Problem requirements: The records that follow should be copied out exactly, pictures excluded.

Records from a collection:
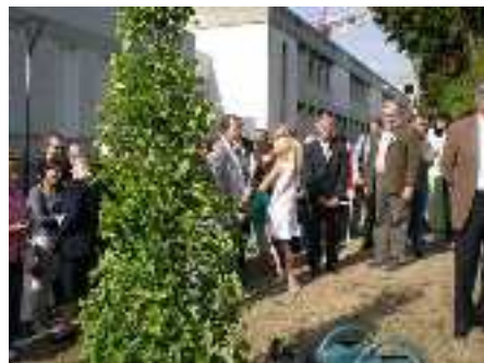
Le Ginkgo Biloba
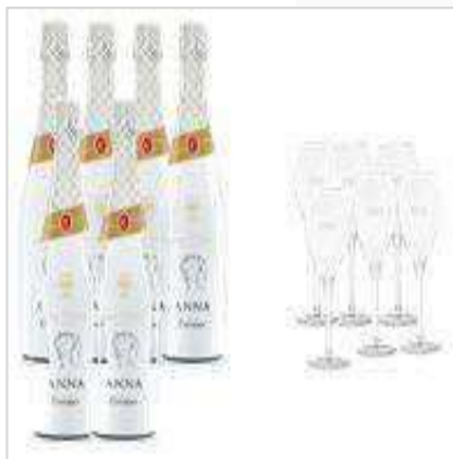
Caja Anna BdB + 6 copas 2.900 CAS
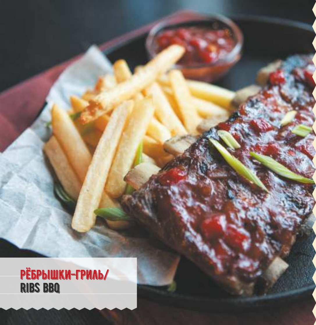
РЁБРЫШКИ-ГРИЛЬ/ RIBS BBQ
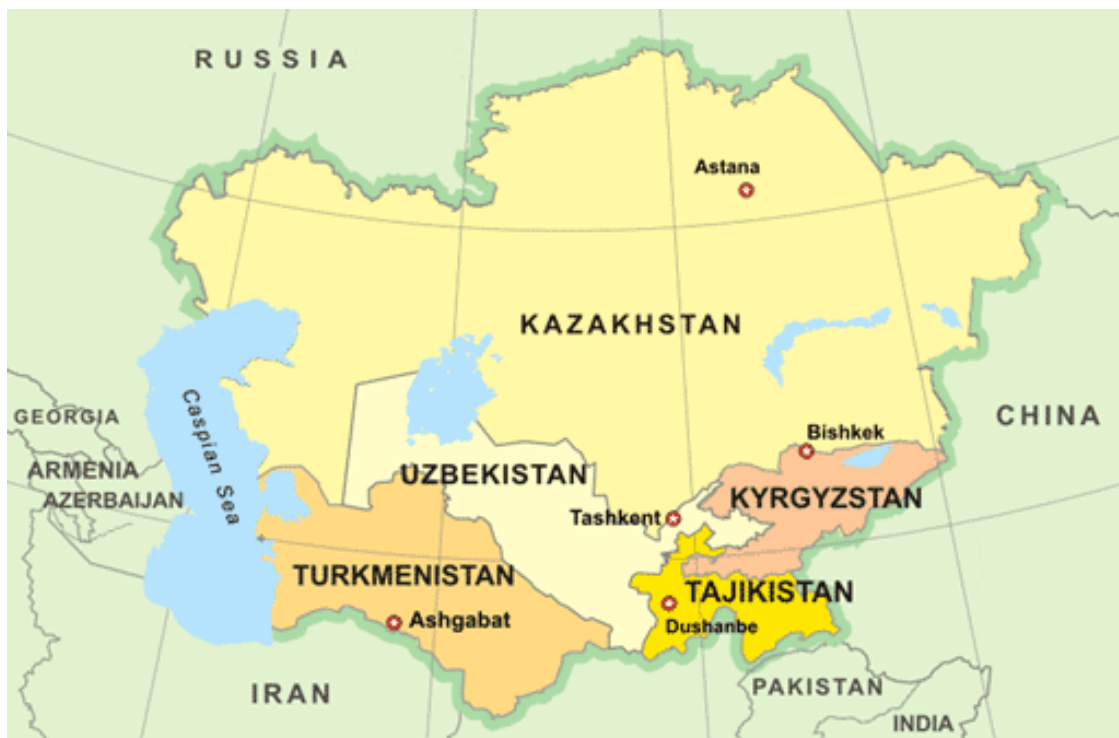
Slika 2.1. države Srednje Azije, Izvor: http://www.russia-ukraine-travel.com/maps-of-central-asia.html

Srednja Azija naziv je za političku i geografsku regiju na azijskom kontinentu. Njen naziv najbolje je razumijeti taksonomijski. Ova regija se svojom velikom površinom prostire od Kaspijskog jezera na zapadu, sa Ruskom Federacijom graniči na sjeveru, na istoku dopire do Kine, dok na jugu graniči sa Afganistanom i Iranom. Naziv ove regije, može se stoga tumačiti kao politički prije no geografski uvjetovan, shodno činjenici da se regija ne nalazi u fizičkoj sredini kontinenta. Jednako tako, zanimljiva je činjenica kako se naziv Srednja Azija u stručnoj politološkoj literaturi počeo upotrebljavati tek nakon raspada Sovjetskog Saveza. Nakon sedamdeset godina nametnute sovjetske vlasti disolucijom Sovjetskog Saveza 1991. godine kreiraju se nove samostalne države prema administrativnim granicama bivših federalnih jedinica. Novonastale države na ovom području su: Kazahstan, Turkmenistan, Uzbekistan, Tadžikistan te Kirgistan. Zbog zajedničkog nastavka „stan“ na kraju svakog od naziva ovih država, česta su referiranja na njih kao stanove .
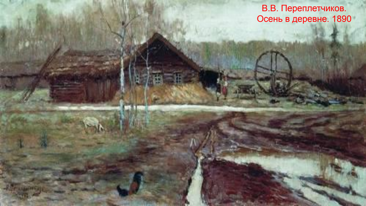
В.В. Переплетчиков. Осень в деревне. 1890

Completed task:
Le Ginkgo Biloba
Caja Anna BdB + 6 copas 2.900 CAS
РЁБРЫШКИ-ГРИЛЬ/ RIBS BBQ
Slika 2.1. države Srednje Azije, Izvor: http://www.russia-ukraine-travel.com/maps-of-central-asia.html

Srednja Azija naziv je za političku i geografsku regiju na azijskom kontinentu. Njen naziv najbolje je razumijeti taksonomijski. Ova regija se svojom velikom površinom prostire od Kaspijskog jezera na zapadu, sa Ruskom Federacijom graniči na sjeveru, na istoku dopire do Kine, dok na jugu graniči sa Afganistanom i Iranom. Naziv ove regije, može se stoga tumačiti kao politički prije no geografski uvjetovan, shodno činjenici da se regija ne nalazi u fizičkoj sredini kontinenta. Jednako tako, zanimljiva je činjenica kako se naziv Srednja Azija u stručnoj politološkoj literaturi počeo upotrebljavati tek nakon raspada Sovjetskog Saveza. Nakon sedamdeset godina nametnute sovjetske vlasti disolucijom Sovjetskog Saveza 1991. godine kreiraju se nove samostalne države prema administrativnim granicama bivših federalnih jedinica. Novonastale države na ovom području su: Kazahstan, Turkmenistan, Uzbekistan, Tadžikistan te Kirgistan. Zbog zajedničkog nastavka „stan“ na kraju svakog od naziva ovih država, česta su referiranja na njih kao stanove .
В.В. Переплетчиков. Осень в деревне. 1890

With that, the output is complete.